__Exercise details__. Go to the line with "都庁まで大江戸線で 15分で到着です。" in the entries below and write out every line from there through the line with "Funde Deiningen, Kamm", exactly and without pictures.

__Provided information__.

+--

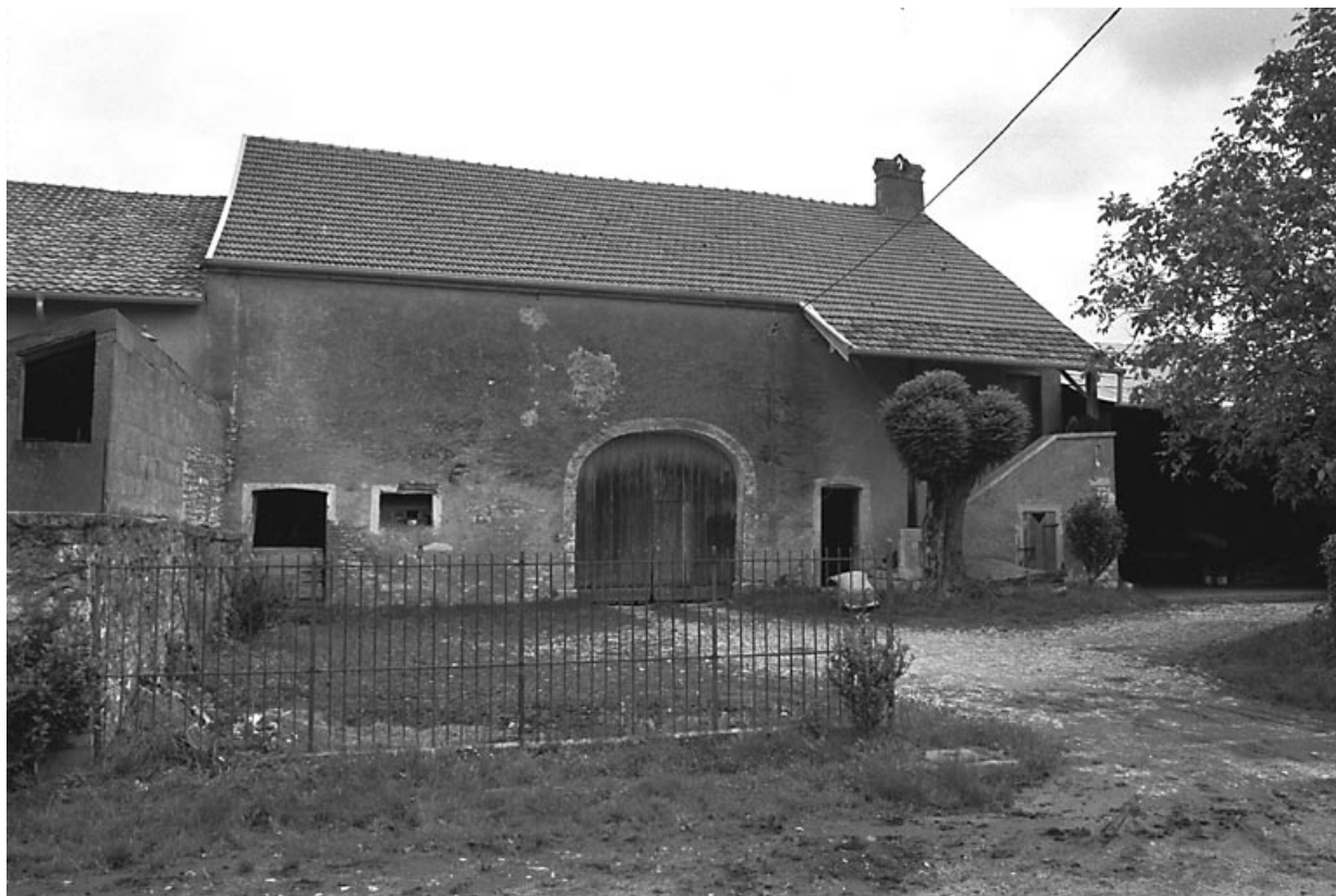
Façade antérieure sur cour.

+--

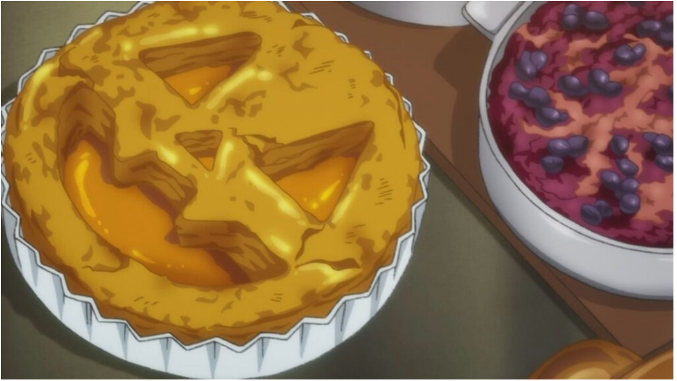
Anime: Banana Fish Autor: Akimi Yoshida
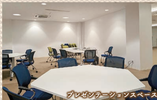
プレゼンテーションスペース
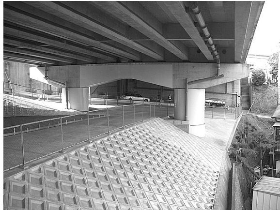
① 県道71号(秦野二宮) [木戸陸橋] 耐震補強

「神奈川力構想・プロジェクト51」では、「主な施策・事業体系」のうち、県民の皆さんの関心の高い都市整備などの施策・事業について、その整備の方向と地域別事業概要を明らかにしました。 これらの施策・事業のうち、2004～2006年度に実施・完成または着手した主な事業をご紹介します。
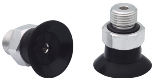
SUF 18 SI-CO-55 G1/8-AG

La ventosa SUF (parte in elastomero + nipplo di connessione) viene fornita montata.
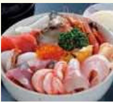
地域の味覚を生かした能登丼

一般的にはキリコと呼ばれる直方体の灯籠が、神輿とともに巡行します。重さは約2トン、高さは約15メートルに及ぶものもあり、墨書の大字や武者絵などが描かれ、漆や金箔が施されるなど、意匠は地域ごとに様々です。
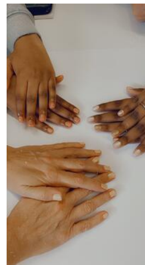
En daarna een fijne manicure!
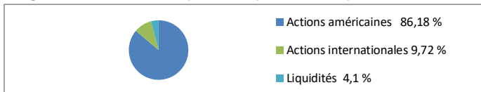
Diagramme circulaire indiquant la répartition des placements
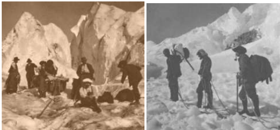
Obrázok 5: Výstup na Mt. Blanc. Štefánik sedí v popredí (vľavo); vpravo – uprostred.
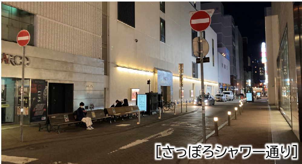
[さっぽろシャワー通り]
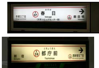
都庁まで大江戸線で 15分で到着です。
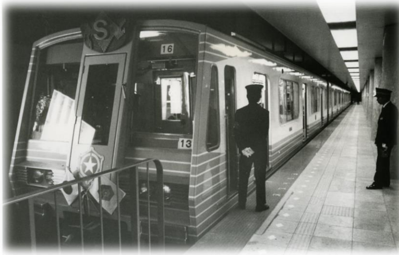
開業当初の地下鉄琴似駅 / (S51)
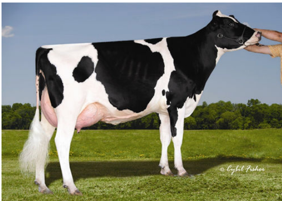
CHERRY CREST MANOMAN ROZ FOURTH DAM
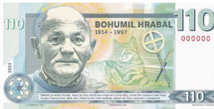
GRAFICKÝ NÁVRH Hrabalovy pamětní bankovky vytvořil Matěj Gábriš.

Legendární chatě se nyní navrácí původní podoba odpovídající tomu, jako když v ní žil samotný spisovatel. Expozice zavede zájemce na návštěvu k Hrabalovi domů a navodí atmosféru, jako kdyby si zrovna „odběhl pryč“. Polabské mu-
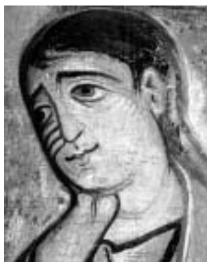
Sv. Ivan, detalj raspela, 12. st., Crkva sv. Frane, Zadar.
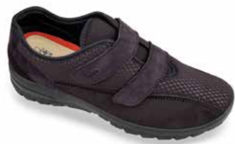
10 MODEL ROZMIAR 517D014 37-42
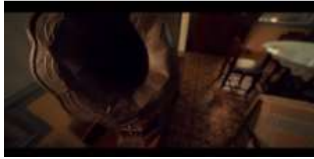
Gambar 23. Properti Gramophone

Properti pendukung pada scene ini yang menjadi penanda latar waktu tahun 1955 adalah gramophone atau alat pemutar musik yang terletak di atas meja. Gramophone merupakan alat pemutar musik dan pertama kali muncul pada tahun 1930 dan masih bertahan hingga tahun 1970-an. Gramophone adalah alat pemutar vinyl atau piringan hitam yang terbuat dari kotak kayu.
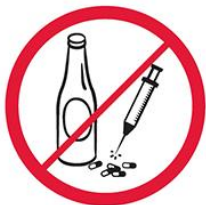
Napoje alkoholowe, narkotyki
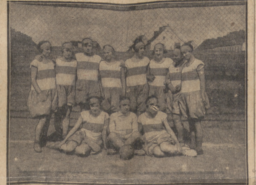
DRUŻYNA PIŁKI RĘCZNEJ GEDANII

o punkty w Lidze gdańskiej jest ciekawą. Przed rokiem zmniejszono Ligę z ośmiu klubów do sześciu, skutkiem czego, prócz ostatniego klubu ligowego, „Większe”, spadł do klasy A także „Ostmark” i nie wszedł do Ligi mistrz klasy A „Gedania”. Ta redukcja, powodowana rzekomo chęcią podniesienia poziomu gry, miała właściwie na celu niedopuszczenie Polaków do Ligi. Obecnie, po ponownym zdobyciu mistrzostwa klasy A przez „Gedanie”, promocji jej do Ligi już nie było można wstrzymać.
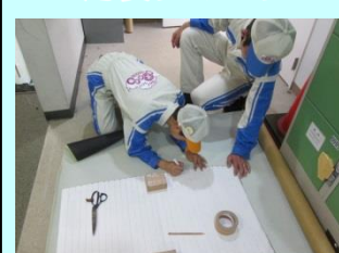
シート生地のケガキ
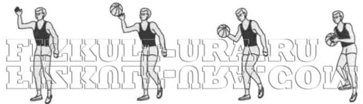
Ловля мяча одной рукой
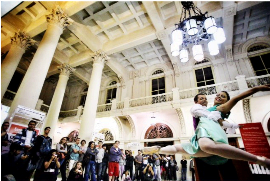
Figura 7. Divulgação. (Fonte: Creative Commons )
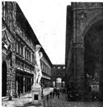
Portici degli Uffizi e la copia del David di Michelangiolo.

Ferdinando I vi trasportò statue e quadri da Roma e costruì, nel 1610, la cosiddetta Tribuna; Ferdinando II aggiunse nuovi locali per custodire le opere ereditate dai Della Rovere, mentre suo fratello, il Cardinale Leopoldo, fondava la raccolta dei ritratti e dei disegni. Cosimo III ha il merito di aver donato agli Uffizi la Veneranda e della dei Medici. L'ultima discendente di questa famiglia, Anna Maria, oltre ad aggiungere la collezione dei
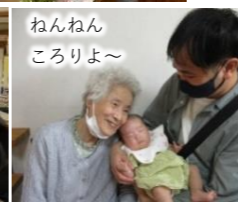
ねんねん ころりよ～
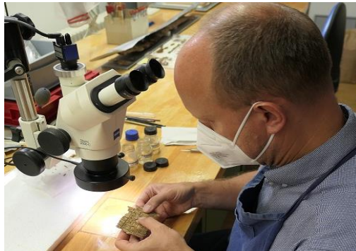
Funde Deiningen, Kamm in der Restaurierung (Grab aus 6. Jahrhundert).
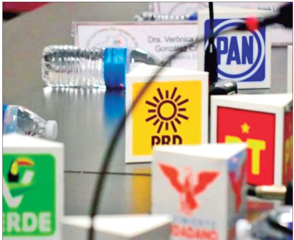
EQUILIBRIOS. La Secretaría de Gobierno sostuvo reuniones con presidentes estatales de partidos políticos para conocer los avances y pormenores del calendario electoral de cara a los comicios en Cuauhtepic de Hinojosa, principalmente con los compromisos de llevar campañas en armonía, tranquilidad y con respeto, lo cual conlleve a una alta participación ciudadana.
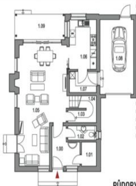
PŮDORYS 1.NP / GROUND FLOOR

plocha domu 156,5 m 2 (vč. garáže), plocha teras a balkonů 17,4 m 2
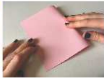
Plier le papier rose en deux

+--

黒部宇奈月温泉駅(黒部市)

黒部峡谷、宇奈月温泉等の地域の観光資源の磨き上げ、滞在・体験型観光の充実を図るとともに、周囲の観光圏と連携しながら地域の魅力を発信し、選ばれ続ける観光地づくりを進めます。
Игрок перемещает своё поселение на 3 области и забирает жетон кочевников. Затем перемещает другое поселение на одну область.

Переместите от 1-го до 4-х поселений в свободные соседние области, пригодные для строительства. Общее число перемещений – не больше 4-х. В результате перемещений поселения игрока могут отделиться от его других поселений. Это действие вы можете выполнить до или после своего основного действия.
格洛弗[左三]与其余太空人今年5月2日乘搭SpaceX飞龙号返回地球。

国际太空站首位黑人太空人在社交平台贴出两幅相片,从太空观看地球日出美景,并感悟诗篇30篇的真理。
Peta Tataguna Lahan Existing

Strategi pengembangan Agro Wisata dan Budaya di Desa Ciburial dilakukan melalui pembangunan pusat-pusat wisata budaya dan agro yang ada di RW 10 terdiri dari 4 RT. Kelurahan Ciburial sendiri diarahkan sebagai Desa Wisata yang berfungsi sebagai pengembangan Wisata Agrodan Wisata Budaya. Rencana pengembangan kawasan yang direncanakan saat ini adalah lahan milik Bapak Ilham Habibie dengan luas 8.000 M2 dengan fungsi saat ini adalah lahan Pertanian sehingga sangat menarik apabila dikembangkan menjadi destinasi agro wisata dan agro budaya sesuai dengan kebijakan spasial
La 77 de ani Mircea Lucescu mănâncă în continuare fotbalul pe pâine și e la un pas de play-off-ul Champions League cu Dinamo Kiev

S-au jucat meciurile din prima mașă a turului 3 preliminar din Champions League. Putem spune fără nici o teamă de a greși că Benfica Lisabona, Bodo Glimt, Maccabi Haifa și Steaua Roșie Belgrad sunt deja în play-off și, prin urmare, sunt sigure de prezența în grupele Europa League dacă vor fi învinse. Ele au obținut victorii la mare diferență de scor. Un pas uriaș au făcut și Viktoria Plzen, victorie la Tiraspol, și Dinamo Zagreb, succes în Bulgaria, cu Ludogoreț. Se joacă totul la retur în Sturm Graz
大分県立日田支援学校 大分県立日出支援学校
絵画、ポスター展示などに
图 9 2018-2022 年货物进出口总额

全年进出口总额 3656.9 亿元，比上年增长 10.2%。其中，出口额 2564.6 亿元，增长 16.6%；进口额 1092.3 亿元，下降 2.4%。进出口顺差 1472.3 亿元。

+--

__Exercise response__.
都庁まで大江戸線で 15分で到着です。
開業当初の地下鉄琴似駅 / (S51)
CHERRY CREST MANOMAN ROZ FOURTH DAM
GRAFICKÝ NÁVRH Hrabalovy pamětní bankovky vytvořil Matěj Gábriš.

Legendární chatě se nyní navrácí původní podoba odpovídající tomu, jako když v ní žil samotný spisovatel. Expozice zavede zájemce na návštěvu k Hrabalovi domů a navodí atmosféru, jako kdyby si zrovna „odběhl pryč“. Polabské mu-
Sv. Ivan, detalj raspela, 12. st., Crkva sv. Frane, Zadar.
10 MODEL ROZMIAR 517D014 37-42
Gambar 23. Properti Gramophone

Properti pendukung pada scene ini yang menjadi penanda latar waktu tahun 1955 adalah gramophone atau alat pemutar musik yang terletak di atas meja. Gramophone merupakan alat pemutar musik dan pertama kali muncul pada tahun 1930 dan masih bertahan hingga tahun 1970-an. Gramophone adalah alat pemutar vinyl atau piringan hitam yang terbuat dari kotak kayu.
Napoje alkoholowe, narkotyki
DRUŻYNA PIŁKI RĘCZNEJ GEDANII

o punkty w Lidze gdańskiej jest ciekawą. Przed rokiem zmniejszono Ligę z ośmiu klubów do sześciu, skutkiem czego, prócz ostatniego klubu ligowego, „Większe”, spadł do klasy A także „Ostmark” i nie wszedł do Ligi mistrz klasy A „Gedania”. Ta redukcja, powodowana rzekomo chęcią podniesienia poziomu gry, miała właściwie na celu niedopuszczenie Polaków do Ligi. Obecnie, po ponownym zdobyciu mistrzostwa klasy A przez „Gedanie”, promocji jej do Ligi już nie było można wstrzymać.
シート生地のケガキ
Ловля мяча одной рукой
Figura 7. Divulgação. (Fonte: Creative Commons )
Portici degli Uffizi e la copia del David di Michelangiolo.

Ferdinando I vi trasportò statue e quadri da Roma e costruì, nel 1610, la cosiddetta Tribuna; Ferdinando II aggiunse nuovi locali per custodire le opere ereditate dai Della Rovere, mentre suo fratello, il Cardinale Leopoldo, fondava la raccolta dei ritratti e dei disegni. Cosimo III ha il merito di aver donato agli Uffizi la Veneranda e della dei Medici. L'ultima discendente di questa famiglia, Anna Maria, oltre ad aggiungere la collezione dei
ねんねん ころりよ～
Funde Deiningen, Kamm in der Restaurierung (Grab aus 6. Jahrhundert).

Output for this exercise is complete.